L'abbraccio con i familiari, il ritorno a casa dopo 128 giorni di prigionia e guerra a Gaza. Israele aspettava da tempo una buona notizia. L'ha avuta all'alba di ieri, con il salvataggio di due ostaggi israeliani, Louis Har, 70 anni, e Fernando Marman, 61 anni, in una «complessa operazione congiunta», la seconda di queste genere da inizio guerra, di Esercito, intelligence e unità d'élite della polizia anti-terrorismo. Condotta a Rafah, in quel sud della Striscia di Gaza dove il primo ministro Benjamin Netanyahu intende entrare con le truppe di terra, prospettiva che l'Onu giudica «terrificante».
Il blitz, oltre che un enorme sollievo per i parenti dei rapiti e gli ostaggi, trovati «magri e pallidi, ma coscienti», è una manna per Netanyahu. Il ritrovamento dei due israelo-argentini, sequestrati il 7 ottobre al kibbutz Nir Yitzhak e scovati intorno alle 2 in un appartamento al secondo piano di una palazzina a Rafah, protetti dai corpi delle forze speciali mentre l'esercito ingaggiava «una dura battaglia e pesanti scambi di fuoco con i terroristi», conferma due importanti circostanze per Netanyahu. «Solo la continua pressione militare, fino alla vittoria totale, porterà al rilascio di tutti i nostri ostaggi», ha detto il premier. «I battaglioni di Hamas non avranno pace» e 4, secondo Netanyahu, sono ancora attivi a Rafah e vanno eliminati per sradicare Hamas, anche se nemici e alleati d'Israele avvertono del rischio «disastro», di «un bagno di sangue» per i civili ammassati nell'area. Gli sfollati sono 1.4 milioni a Rafah e la Striscia, secondo Hamas, conta già oltre 28mila morti, più di cento nella sola operazione di ieri a Rafah.

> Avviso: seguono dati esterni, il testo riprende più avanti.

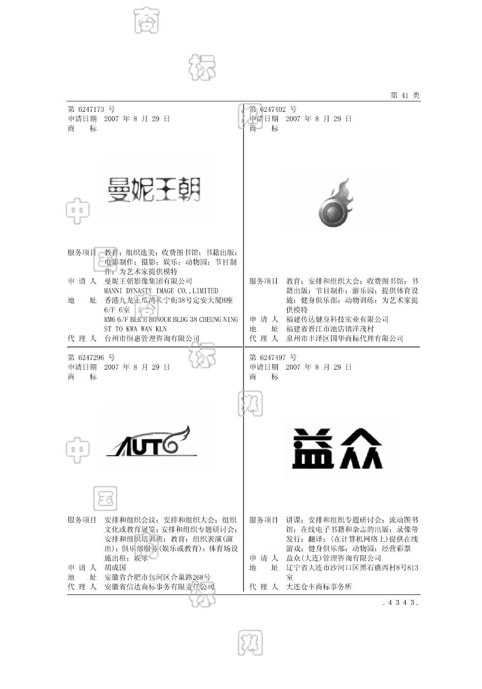 2007-08-29 商标注册申请 | 申请收文

L'insofferenza per la linea israeliana cresce, non solo nei Paesi arabi. Pare stia raggiungendo il limite anche alla Casa Bianca, specie sul nodo della protezione dei civili, che Joe Biden ha chiesto in tutti i modi a Netanyahu. Secondo indiscrezione di Nbc, il presidente americano sarebbe talmente irritato dalla strategia militare del premier israeliano da avergli dato dello «stronzo» almeno tre volte nelle sue recenti conversazioni con l'entourage. «Netanyahu sta facendo passare l'inferno a Biden», hanno detto fonti interne all'Amministrazione Usa. Rivelazioni che si sommano a quelle del Washington Post, secondo cui i rapporti tra i due sono sull'orlo della rottura, per via degli appelli alla de-escalation, inascoltati dal premier.

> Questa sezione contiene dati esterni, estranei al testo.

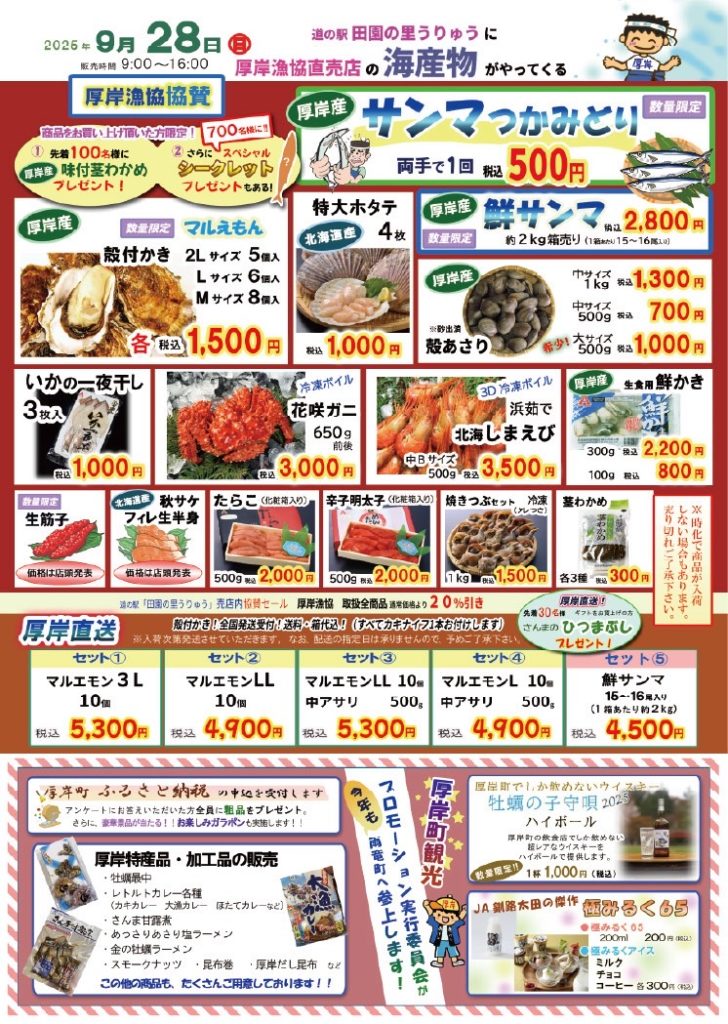 また、今年は厚岸物産展も同時開催するということで、空知で厚岸町特産物を買うことができる貴重な機会です!

Scintille fra i due leader anche sui colloqui al Cairo con il capo della Cia Burns e il primo ministro del Qatar Al Thani per il rilascio degli altri cento ostaggi vivi ancora a Gaza (Hamas sostiene che altri tre siano morti ieri nei raid). Incalzato dalla destra, che chiede di mandare il capo del Mossad Barbea a Rafah piuttosto che in Egitto «per distruggere i terroristi nazisti», Netanyahu avrebbe deciso infine il via libera per il Cairo. Frustrato per la linea del premier, Biden - secondo il Jerusalem Post - gli avrebbe chiesto di inviare una delegazione «anche se non vedi un orizzonte».
L'annuncio dei piani israeliani su Rafah apre anche la questione dell'invio di armi a Israele. Il capo della diplomazia europea, Josep Borrell, ricorda che l'Ue non lo fa e lancia una frecciata a Biden: «Se credi che troppe persone vengano uccise, forse dovresti fornire meno armi», ha commentato l'Alto rappresentante Ue, dopo aver criticato Netanyahu, perché «non ascolta nessuno e dice che evacuerà i palestinesi. Ma dove sulla luna?».
Proprio ieri, mentre il primo ministro olandese Rutte era in Israele per colloqui con «Bibi» e la leadership palestinese, la Corte d'Appello dell'Aja ha stabilito che il governo olandese dovrà interrompere la fornitura di pezzi di ricambio per i caccia israeliani F-35 entro una settimana, perché le azioni di Israele a Gaza «rappresentano un chiaro rischio di violazione del diritto internazionale umanitario». Il governo olandese presenterà ricorso.